What New London — like Lowell, Springfield, Brockton and Fitchburg — needs is an infusion of private capital. But investment capital does not flow to economically distressed, highly taxed cities without some coaxing. In order to attract private investment, New London needed a plan for the city’s redevelopment that would make sense to families deciding where to buy a home and to businesses with capital to invest. And it needed the ability to implement that plan. Without the power to acquire the needed properties, by eminent domain if necessary, the plan would have remained just that, another plan collecting dust on a city planner’s bookshelf.

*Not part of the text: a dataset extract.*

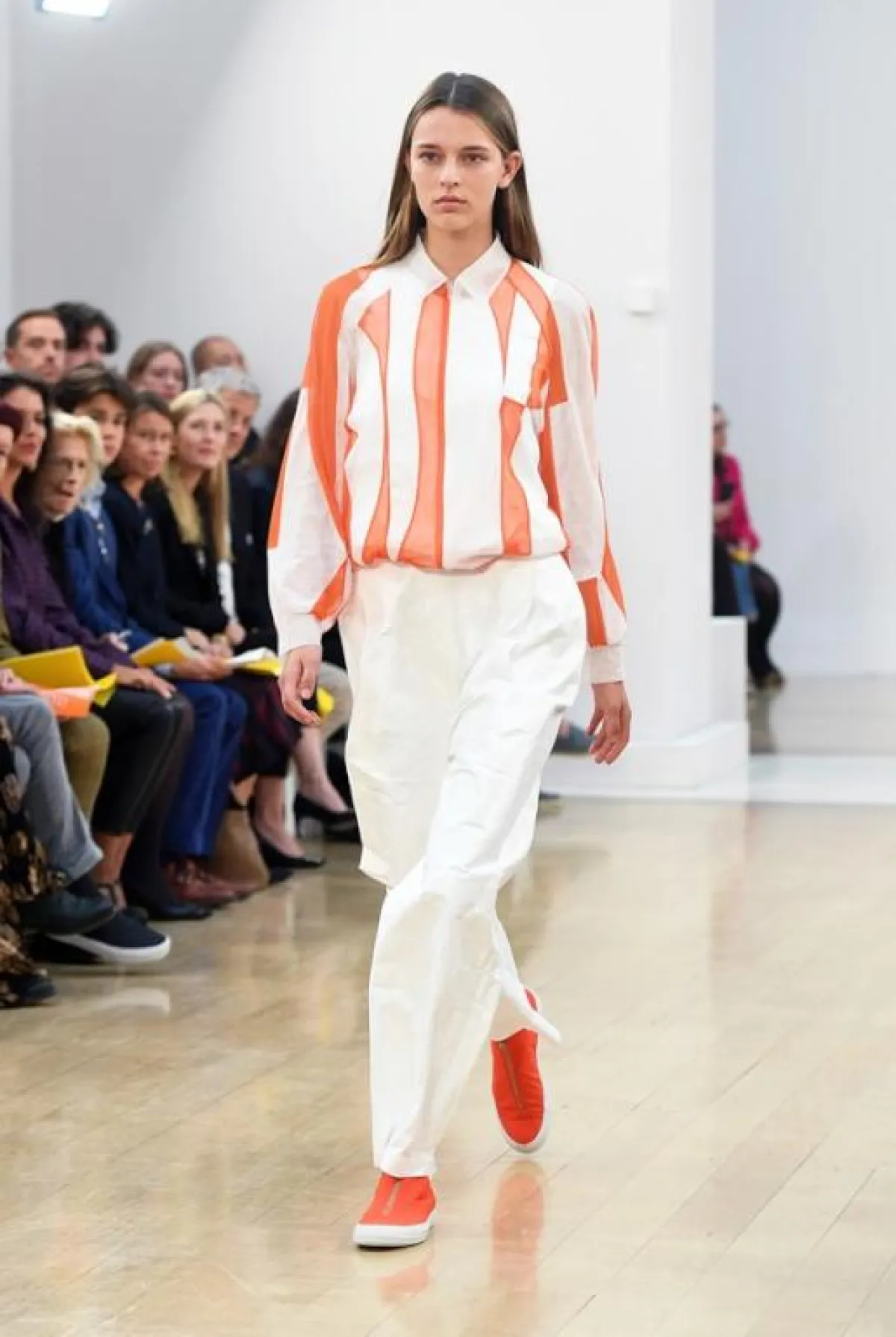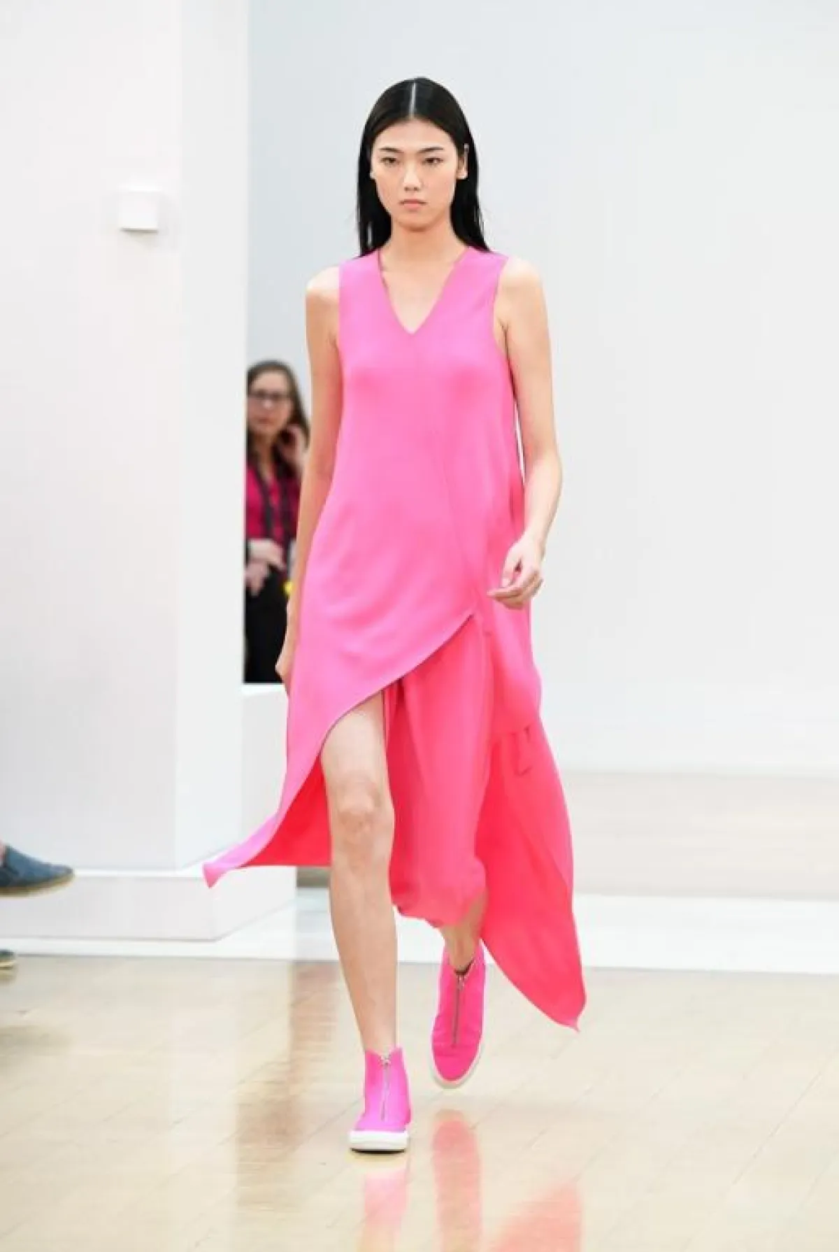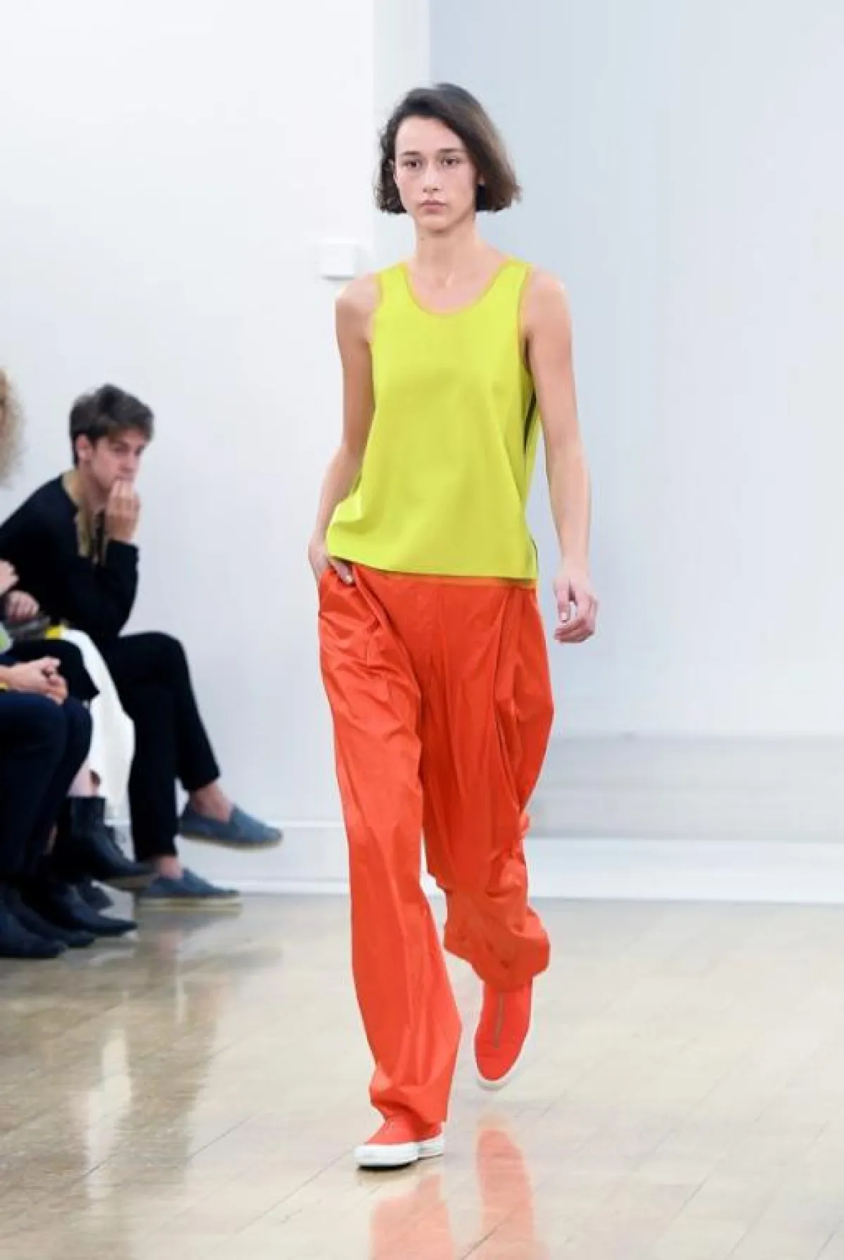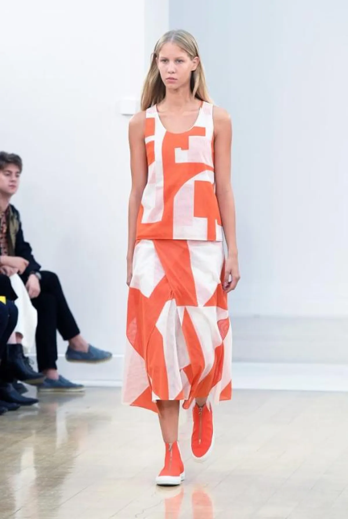 وفي هذا العرض لاحظنا تركيزاً على لوني البرتقالي والأخضر مع استعمال ذكي للخامات المطواعة مثل القطنية والجلدية الرقيقة فيما انتعلت عارضاته أحذية رياضية خفيفة بألوان تنسجم بشكل كبير مع ألوان الثياب وتشكلان معاً توليفة شبابية جميلة ، فيما ظهرت أيضاً بعض الفساتين البيضاء والفضية اللماعة للمشاوير المسائية, وكان موفقاً إلى حد كبير في تقديم ثياب ناعمة تلعب على ثنائية الأسود والأبيض .

Perhaps, given enough time and the right economic conditions, our struggling older cities will attract the needed investment without the need for government intervention, and every single property owner within a redevelopment plan area will voluntarily agree to implement it. This is essentially what H.B. 1770 will do, leave the future of our cities and their residents to be decided by private property owners alone. But it is because the failure of private economic decisions led to the decline of our cities, and to the tragic waste of human potential that this decline has entailed that, in fact, it is a public purpose to pursue urban redevelopment projects, a public purpose that merits the use, when necessary, of the power of eminent domain.
The Kelo court reminds us that this has been the law for decades, but H.B. 1770 would reverse it in Massachusetts and essentially tie the hands of city planners and redevelopers, at a time when their efforts are most needed in places like Worcester, New Bedford, Salem and Pittsfield.

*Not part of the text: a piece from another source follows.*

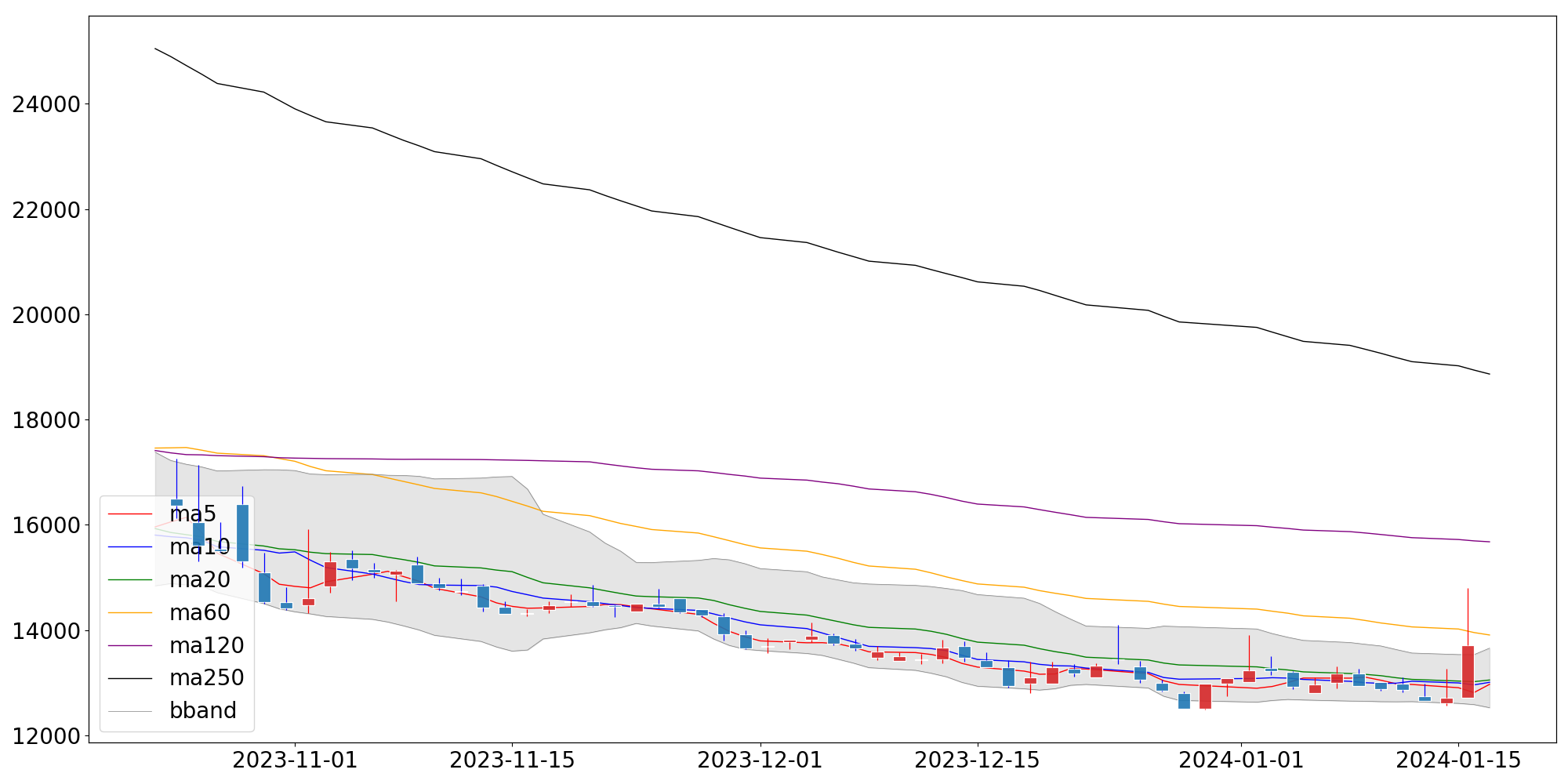 □ 중기 : 현재 종가가 중기(60일) 이동평균값(13,908원)을 하회 하여 중기적 추세 하락 중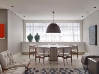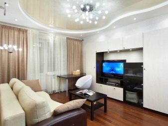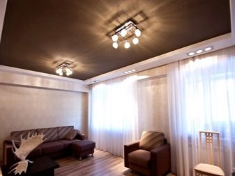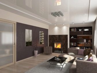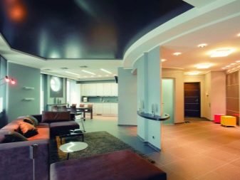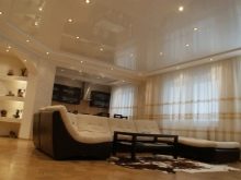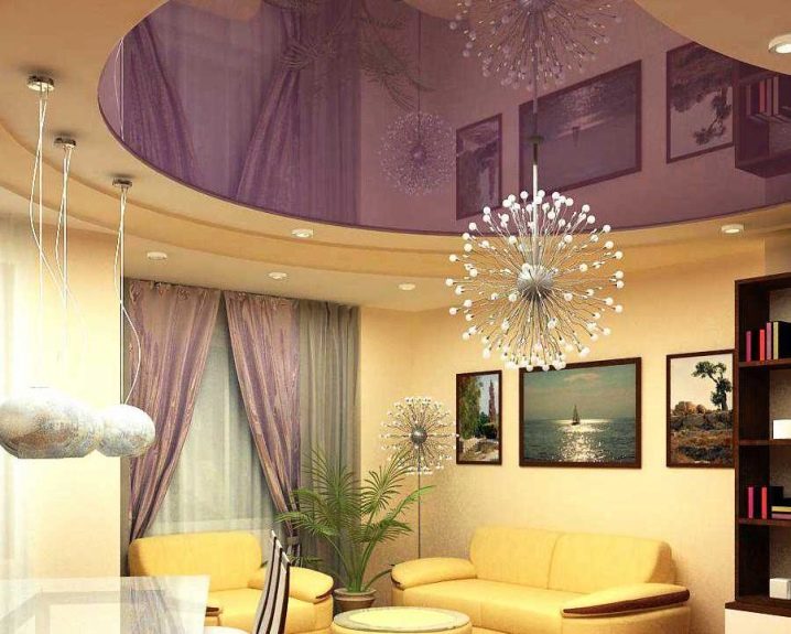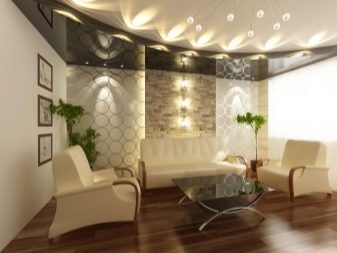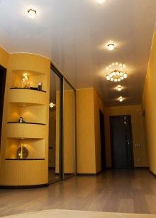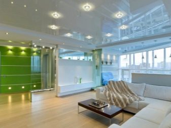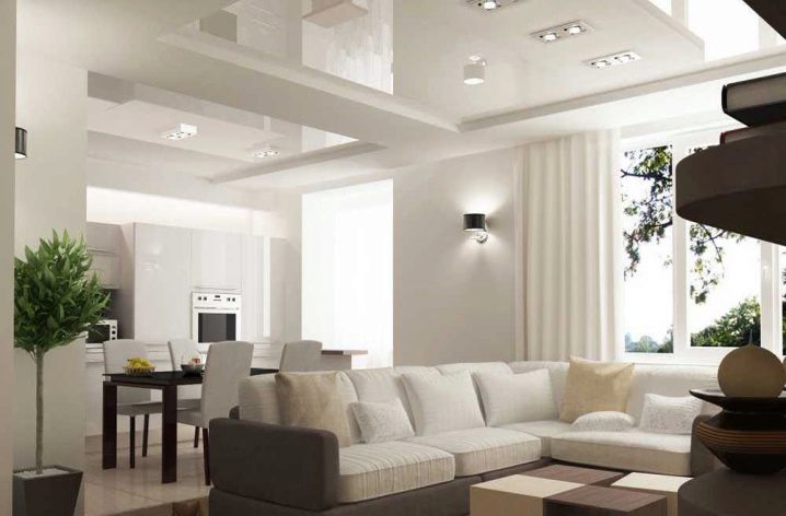 لتجنب التصور السلبي ، يجدر تقليل عدد التفاصيل الداخلية.. هذا سوف يملأ الغرفة بالهواء والخفة. يسمح لك التضمين الجزئي لللمعان في تصميم السقف بإدخال تنظيم غير مزعج في أي غرفة ، وتحديد منطقة وظيفية منفصلة للمساحة بوضوح. على سبيل المثال, عن طريق اللمعان ، يمكنك تحديد منطقة تناول الطعام ، وتسليط الضوء على منطقة الطهي ، وإبراز منطقة الملابس في الردهة. في الوقت نفسه ، من المنطقي اختيار ظل دافئ: نغمات باردة من اللمعان تجعل الغرفة غير مريحة.

No one I know would question that the residents of a neighborhood undergoing redevelopment are entitled to be treated with sensitivity and respect, as selling a home or moving a business are extremely stressful and disruptive life events. Perhaps this is why, typically, a property owner receives significantly more in an eminent domain proceeding than in a private transaction, and this was certainly the case in New London. This is simply the premium that the public pays, probably justly, for “forcing” a sale of private property for a public purpose.

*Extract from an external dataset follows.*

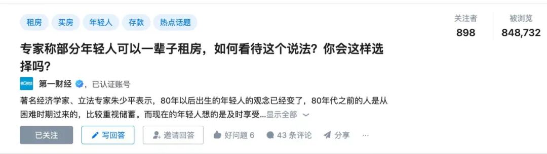 曾经有网友在知乎提出“两个人可以一辈子租房生活吗”问题,引起了广泛的讨论。今年也有专家表示,部分年轻人可以一辈子租房。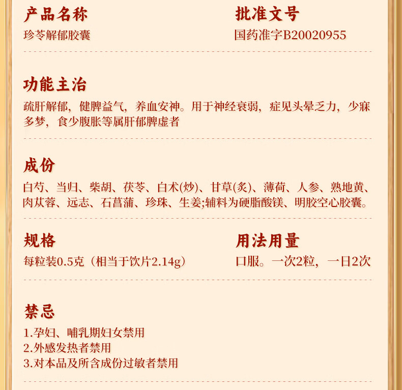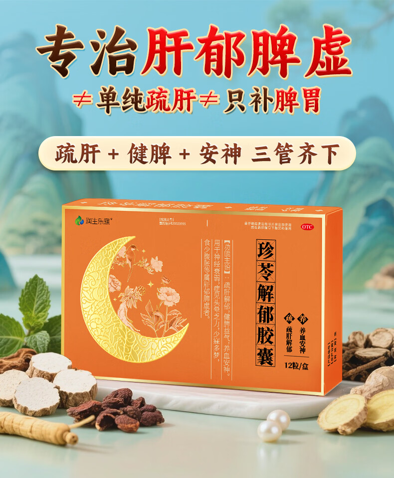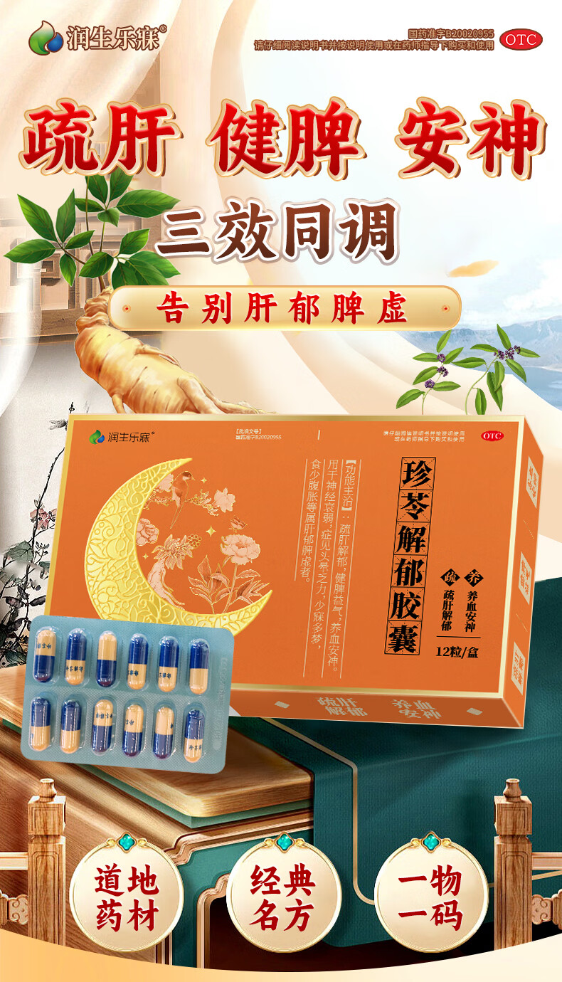 [润生乐寐]珍苓解郁胶囊 0.5g*12粒 2盒装 疏肝解郁健脾益气养血安神肝郁脾虚神经衰弱调理失眠多梦头晕乏力中成药otc 疏肝+健脾+养血安神

Too many of our cities have been swept up in what amounts to a death spiral, and the people who are left behind suffer the consequences — higher taxes, curtailed services, increased crime and failed schools. If H.B. 1770 becomes law, private property owners will no longer need to participate in the constant negotiation with the public that allows a city to adapt to changing conditions, and to reverse the decline caused by the flight of capital to the suburbs.
If H.B. 1770 becomes law, each individual property owner in a redevelopment area will have to power to refuse to participate in the negotiation. And if the negotiation can be shut down by a single property owner who simply refuses to participate, where does that leave our cities? Where does that leave the people who are left behind by the public’s failure to act, those residents of a blighted neighborhood who have no other choices? It leaves them abandoned, like the boarded up, crime-ridden, decrepit neighborhoods they occupy. And that is simply bad public policy.
Peter M. O’Connor is the former general counsel of the Economic Development and Industrial Corporation of Boston, and represents private and public-sector clients on real estate and economic development projects.